Intermediate client CA


#1

Question regading the configuration of client certificate authentication.
Using the “ca-file” I can specify a CA that issues approved client certificates,
but what if that is an intermediate CA? How do I configure the trusted root CA?
I don’t want to allow client certificates issued directly from the root ca…
Eg, I have an intermediate CA called “Client Sub CA”, that is signed by "Root CA"
If I only specify the “Client Sub CA” in the ca-file haproxy cannot build a complete chain since it
does not know about “Root CA”, but if I concatenate “Root CA” into the ca-file it also
accepts client-certificates issued directly from the “Root CA”.
Is it possible to only accept client certificates issued from “Client Sub CA”?
Ie use a separate ca-bundle for complementary ca-certs (like /etc/pki which haproxy does not seem to use)?


#2

Did you actually try that or are you assuming?

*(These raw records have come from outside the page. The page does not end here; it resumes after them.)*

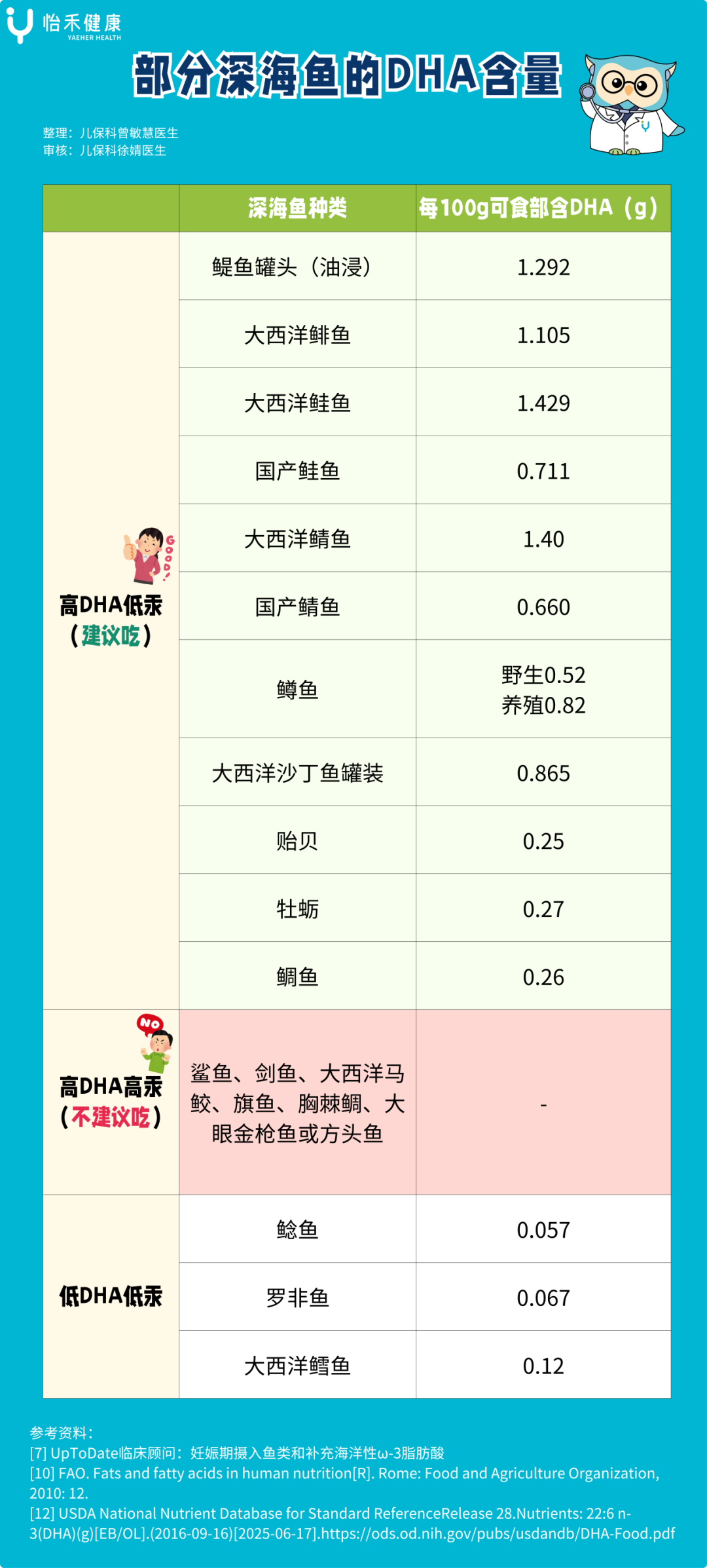 以上列出鱼类的DHA含量会受到季节、养殖方式、产地等影响而不同,所以正常儿童也没有必要精确到克数地吃鱼。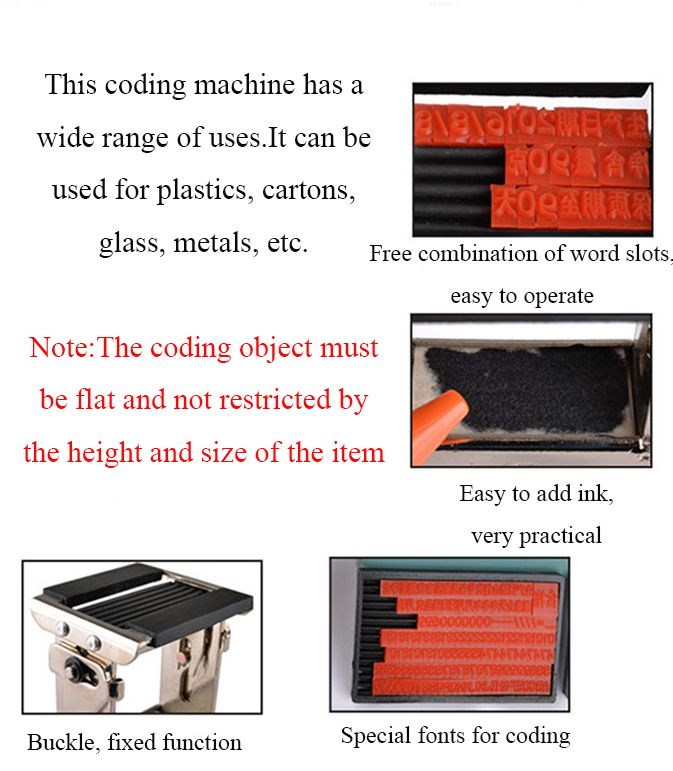 1. Carton manual rolling machine is mainly used for printing English and Arabic numerals on the surface of various paper, wood-plastic and other packaging boxes. The operation is simple and fast, and the rolling printing content is clear. Storage and transportation.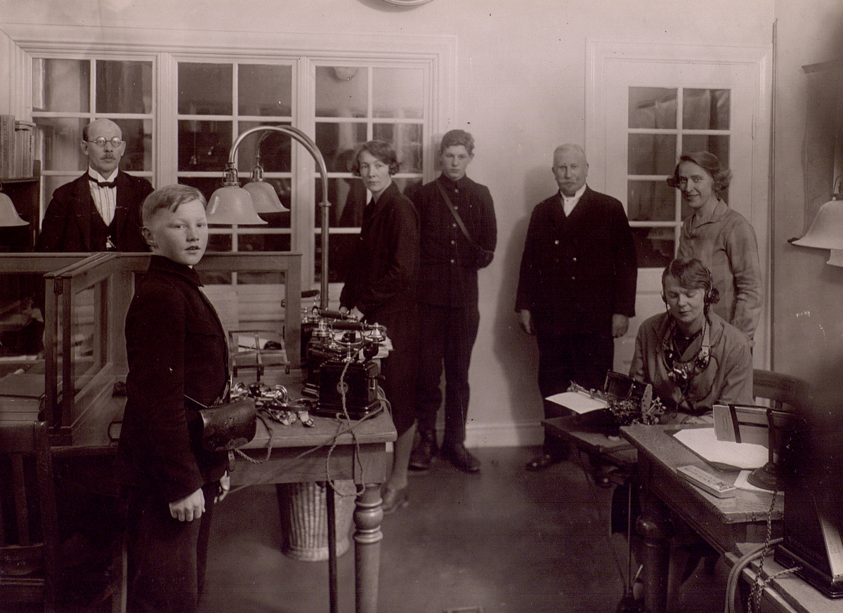 Sundsvall telefonstation omkr. år 1930. Gruppfoto. Rtgf C. Johnson, tgmb B. Pettersson, telefonist R. Johansson, Tgmb C. Olsson, tgd A. Vedholm, Tgx S. Hand.

Seams strange to me.


#3

Yes, ofcourse I tried it.
And yes, I think it is strange as well, you should be able to specify client CAs and trusted CAs independantly of each other.


#4

Does it work when using the intermediate CA and “ca-ignore-err all” is set? If yes, then set:

http-request set-header X-SSL-Client-Verify %[ssl_c_verify]

And check what error code haproxy is returning (you will see it in the HTTP header towards your backend. Or you can also log this, with the custom log format.